I have read the documentation on routing and filtering events (https://docs.splunk.com/Documentation/Splunk/8.1.0/Forwarding/Routeandfilterdatad), but can you tell me if I'm going in the right direction ? Here is my scenario:
I have 1 Heavy Forwarder that receives events from multiple Universal Forwarders, the HF then forwards the events to an Indexer. UFs -> HF -> IDX
There is a new data source that we want to collect from one of the Universal Forwarders, but we don't want this data to be sent to the Indexer yet. We would like to index it on the Heavy Forwarder first because we need to test out some data anonymization on the events before sending them to the Indexer. All other data collected by the Universal Forwarders should still be sent to the Indexer as usual.
Our HF is configured with a tcpout defaultGroup pointing to the Indexer.
What I understand is that I have to configure this on my Univeral Forwarder for the input i want to index locally:
If I understand correctly: these events will be indexed locally on the HF, but they will also be forwarded to the Indexer because of the defaultGroup.
Would it be a good solution to use props/transforms on the HF to change the _TCP_ROUTING of these events (to give them an incorrect output group like "NoForward" for instance) ? Or is there a another/simpler solution ?
Thank you !
First, the UFs->HF->IDX architecture is sub-optimal. The HF functions as a bottleneck and single point of failure. In multiple-indexer environment it can cause uneven distribution of data across indexers. It's better for the UFs to send directly to the indexer.
Second, if a HF indexes data then it is no longer a heavy forwarder.
Finally, yes, there is another, simpler solution. Send the new data to a dedicated test index (I call mine "test"). Once you have the anonymization worked out you can change the UF to send to the production index and then delete the test index.

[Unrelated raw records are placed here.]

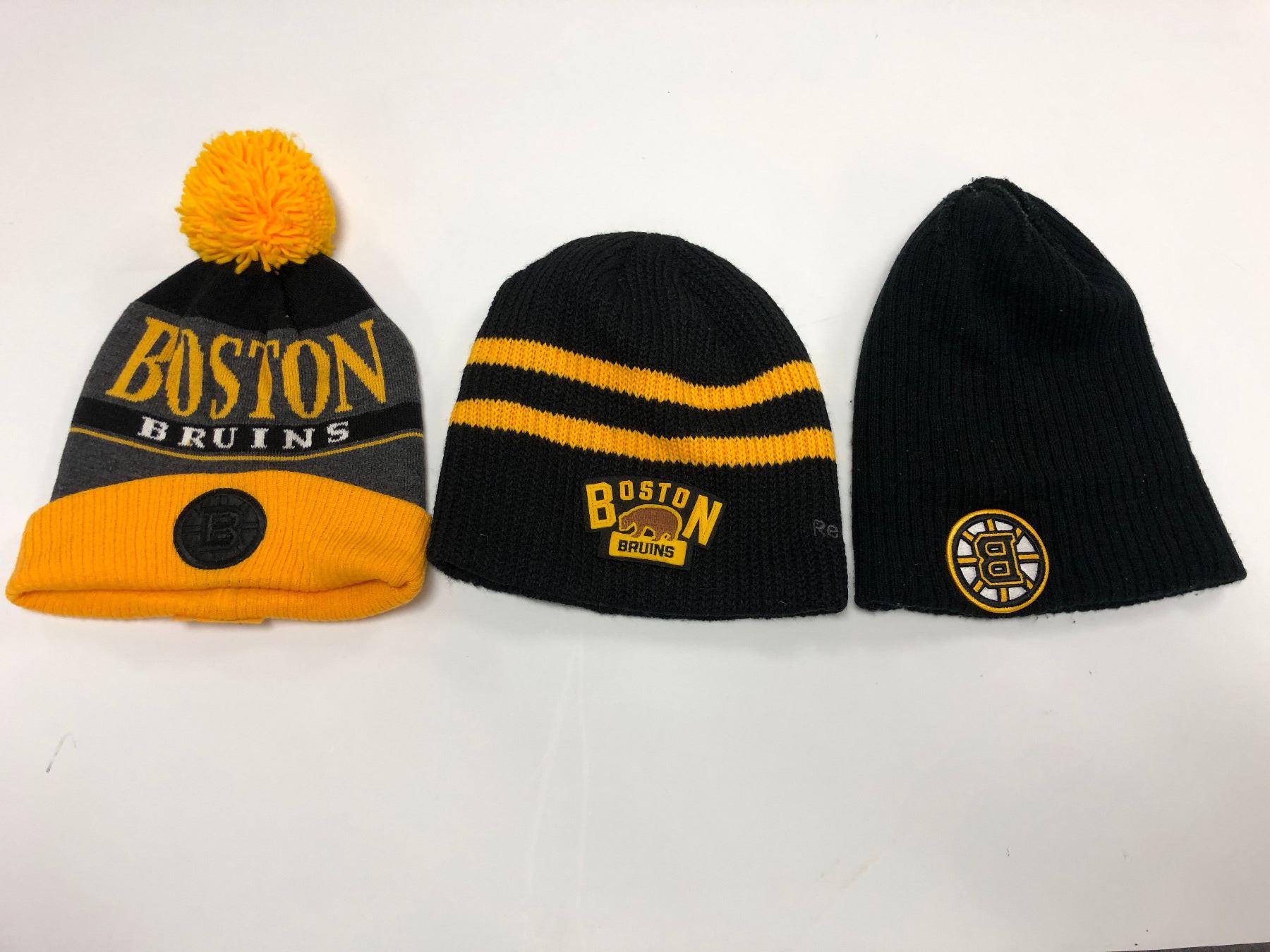 Group of 3 assorted Boston Bruins beanie caps
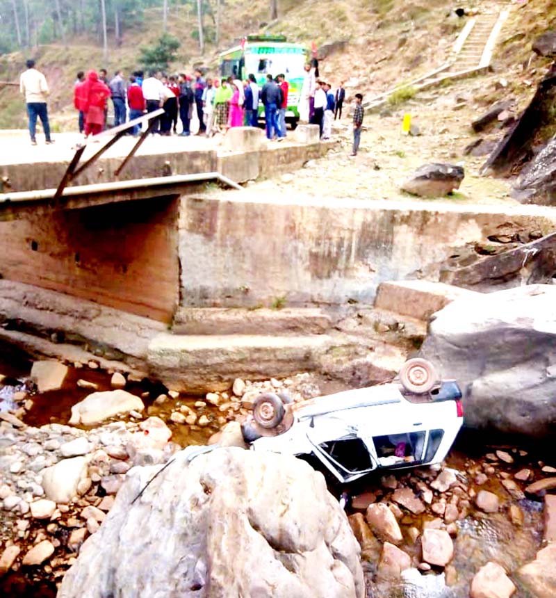 The accident took place when driver of the car could not negotiate a curve between a bridge and approach road. The car fell into the nallah and was completely damaged in the mishap.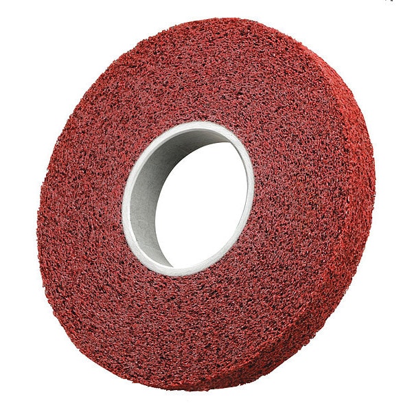 Convolute Wheel, Abrasive Material Aluminum Oxide, Connector Size 5 in, Density Rating Medium (5), Grade Medium, Series MF-WL, Face Width 2 in, Maximum Operating Speed 3,000 RPM, Overall Diameter 12 in, Abrasive Type Non-Woven, Coating Coverage Open, Color Maroon, Resistance Properties Load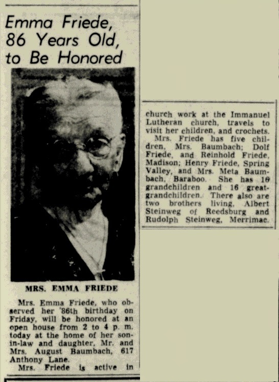 Madison Wisconsin State Journal June 12, 1955 - Emma (Goldmund) Friede, 86, birthday celebration

A better, but less simple solution is for the UF to send the new data to a development Splunk instance (which can be a standalone instance). You can restrict access to this instance to prevent non-masked data from being seen by others. Once you have the anonymization worked out you can change the UF to send to the production indexer and then delete the test data from the dev instance.
Thank you for your answer ! I agree that UFs->IDX is usually the optimal solution, I should have mentioned that we have constraints that make the HF necessary. We don't want to manage N network flows between the forwarders and the Indexer, and the data should not reach the Indexer without being fully anonymized first.
About the indexing on the Heavy Forwarder, this is not really long term, we would just like to enable indexing for specific data sources temporarily to test things locally, and then we would disable indexing and open forwarding again for these data sources like normal. The goal is not to make this HF an Indexer.
It is true that our current setup isn't optimal at all, but we would not be able to get additonal Splunk machines fast enough to answer the need... So that's why I was wondering if a "quick and dirty" solution like the one in my first message could work right now.